'Twerking' in Oxford Dictionary Today; 'Selfie' and 'Srsly' Also Added

In an expedited effort to keep "buzzworthy" words up-to-date in their online dictionary, Oxford has introduced that addition of new words, which include "twerking" and "selfie."

While Miley Cyrus may have given the whole world a visual demonstration of what it means to "twerk" during MTV's 2013 Video Music Awards, the Oxford dictionary still believes it fit to include a wordier definition of the dance move in its online dictionary. Somewhere between the words "tweed" and "twerp," "twerk" has rushed its way into the online reference, an Oxford blog announced Wednesday, along with other popular Internet phrases.

Those who are not up-to-date on the Internet's current trends can rest at ease because Oxford, despite its image, is in the loop. If a person, for instance, was browsing around the Internet on their "phablet" and came across a "selfie" of Miley Cyrus practicing her "twerking" and was mortified enough to feel they needed a "digital detox," they could look up what all of those words mean through Oxford's online dictionary.

There they will discover not only the definition to those words listed above, but to other useful words as well such as "srsly" and "emoji."

While the new additions may seem like a lot, online users should be too surprised. According to Angus Stevenson of Oxford Dictionaries Online, an estimated 150 million words are added to the Oxford database each month.

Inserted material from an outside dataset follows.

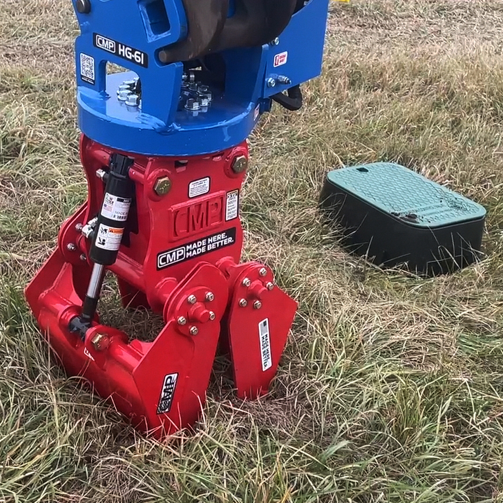 A 360° rotating irrigation grapple designed to remove perfect irrigation box plugs in seconds—eliminating hand digging, reducing crew size, and transforming large-scale sprinkler installations.

"New words, senses, and phrases are added to Oxford Dictionaries Online when we have gathered enough independent evidence from a range of sources to be confident that they have widespread currency in English," Stevenson explained in the Oxford blog. "Publishing online allows us to make the results of our research available more quickly than ever before."

From those millions of words in the database however, only a select few are actually added to the online dictionary, the term "twerking" being one of them this month. This power to monitor the ever changing English language is fascinating, to say the least.

"We use this database to track and verify new and emerging words and senses on a daily basis," Stevenson noted. "On average, we add approximately 1,000 new entries to Oxford Dictionaries Online every year, and this quarter's update highlights some fascinating developments in the English language."